Supplied material:
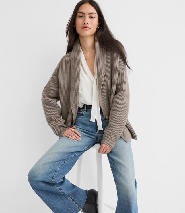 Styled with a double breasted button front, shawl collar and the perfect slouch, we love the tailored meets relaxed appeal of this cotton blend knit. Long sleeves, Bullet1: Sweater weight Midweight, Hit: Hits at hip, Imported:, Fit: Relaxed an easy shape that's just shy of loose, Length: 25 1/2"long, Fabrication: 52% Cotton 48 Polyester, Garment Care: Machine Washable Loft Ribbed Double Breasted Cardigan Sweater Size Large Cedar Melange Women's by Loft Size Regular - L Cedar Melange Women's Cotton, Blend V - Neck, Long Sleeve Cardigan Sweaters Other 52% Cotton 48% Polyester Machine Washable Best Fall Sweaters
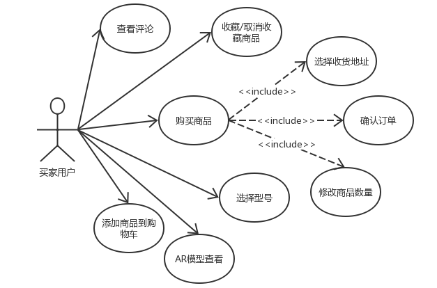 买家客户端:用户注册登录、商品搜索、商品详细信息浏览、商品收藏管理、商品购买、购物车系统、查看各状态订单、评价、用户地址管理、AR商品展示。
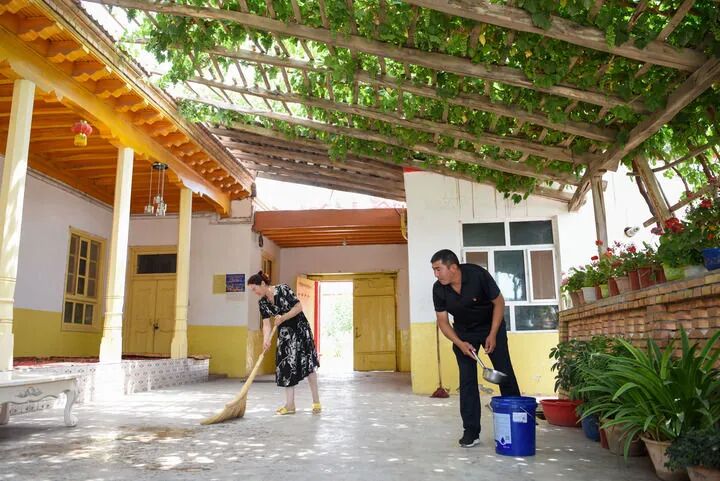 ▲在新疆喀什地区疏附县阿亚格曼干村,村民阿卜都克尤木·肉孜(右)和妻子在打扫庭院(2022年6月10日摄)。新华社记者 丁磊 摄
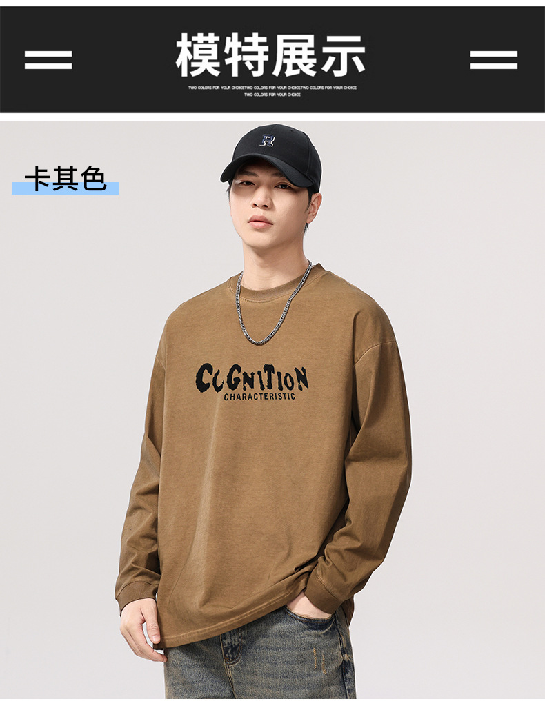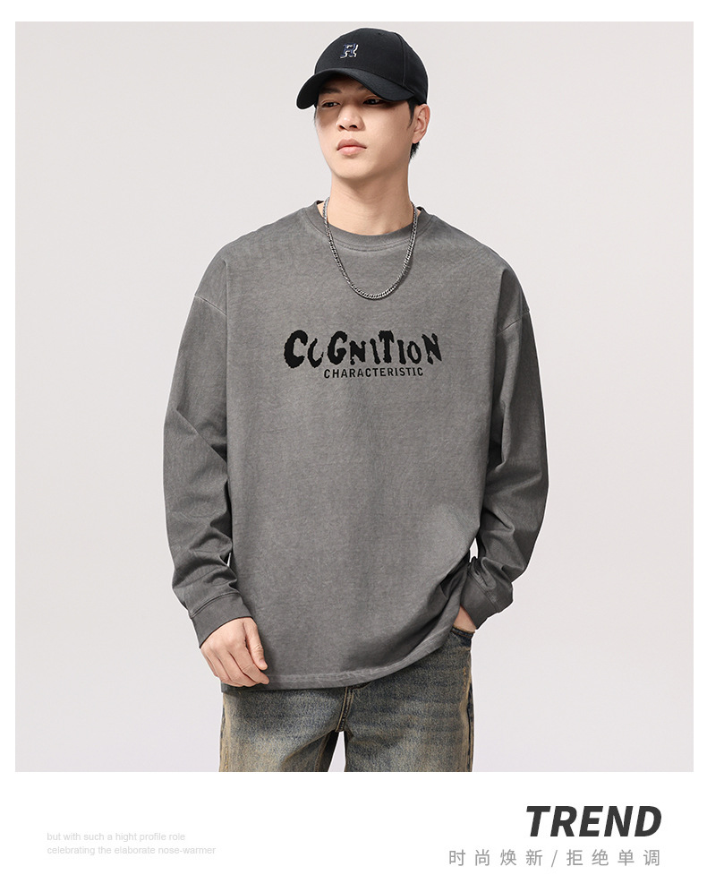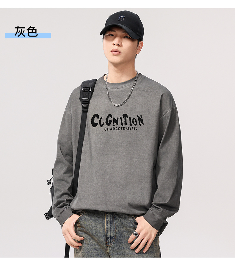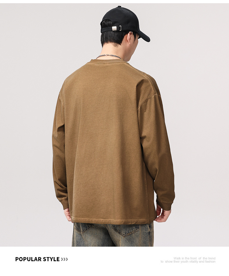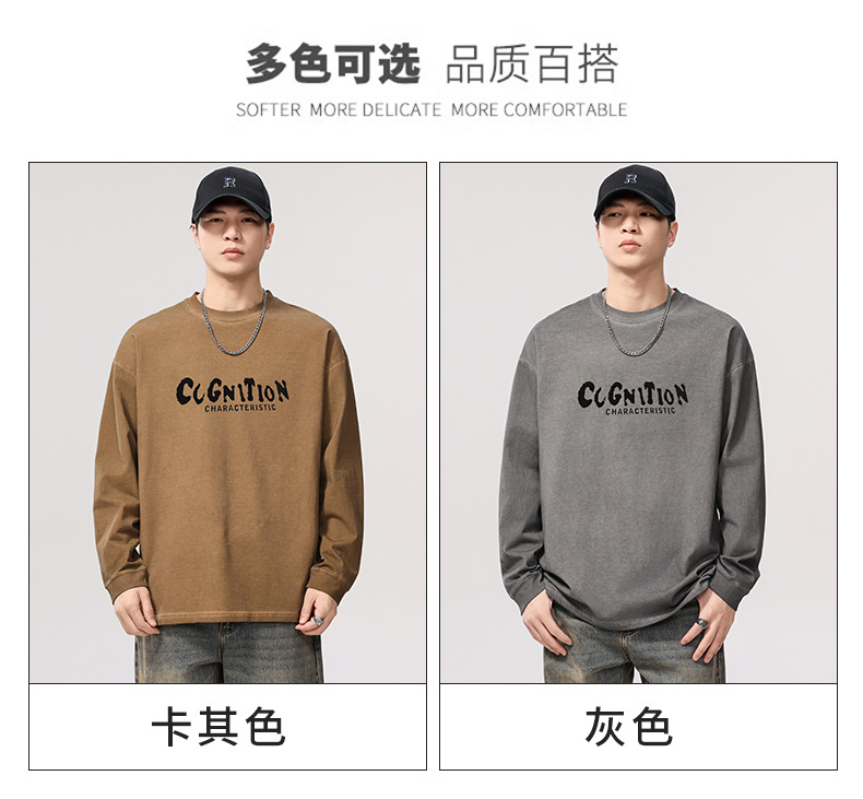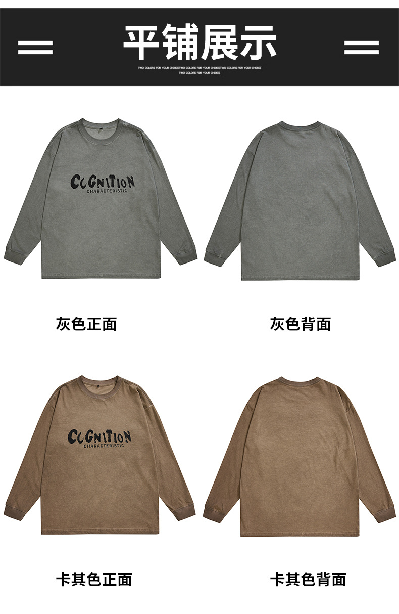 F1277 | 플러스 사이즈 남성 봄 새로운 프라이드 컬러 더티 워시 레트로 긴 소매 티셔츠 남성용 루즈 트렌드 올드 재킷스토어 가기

Task directions:
Your task is an exact transcription of all the data, minus the pictures.

Output of the exercise:
 Styled with a double breasted button front, shawl collar and the perfect slouch, we love the tailored meets relaxed appeal of this cotton blend knit. Long sleeves, Bullet1: Sweater weight Midweight, Hit: Hits at hip, Imported:, Fit: Relaxed an easy shape that's just shy of loose, Length: 25 1/2"long, Fabrication: 52% Cotton 48 Polyester, Garment Care: Machine Washable Loft Ribbed Double Breasted Cardigan Sweater Size Large Cedar Melange Women's by Loft Size Regular - L Cedar Melange Women's Cotton, Blend V - Neck, Long Sleeve Cardigan Sweaters Other 52% Cotton 48% Polyester Machine Washable Best Fall Sweaters
 买家客户端:用户注册登录、商品搜索、商品详细信息浏览、商品收藏管理、商品购买、购物车系统、查看各状态订单、评价、用户地址管理、AR商品展示。
 ▲在新疆喀什地区疏附县阿亚格曼干村,村民阿卜都克尤木·肉孜(右)和妻子在打扫庭院(2022年6月10日摄)。新华社记者 丁磊 摄
 F1277 | 플러스 사이즈 남성 봄 새로운 프라이드 컬러 더티 워시 레트로 긴 소매 티셔츠 남성용 루즈 트렌드 올드 재킷스토어 가기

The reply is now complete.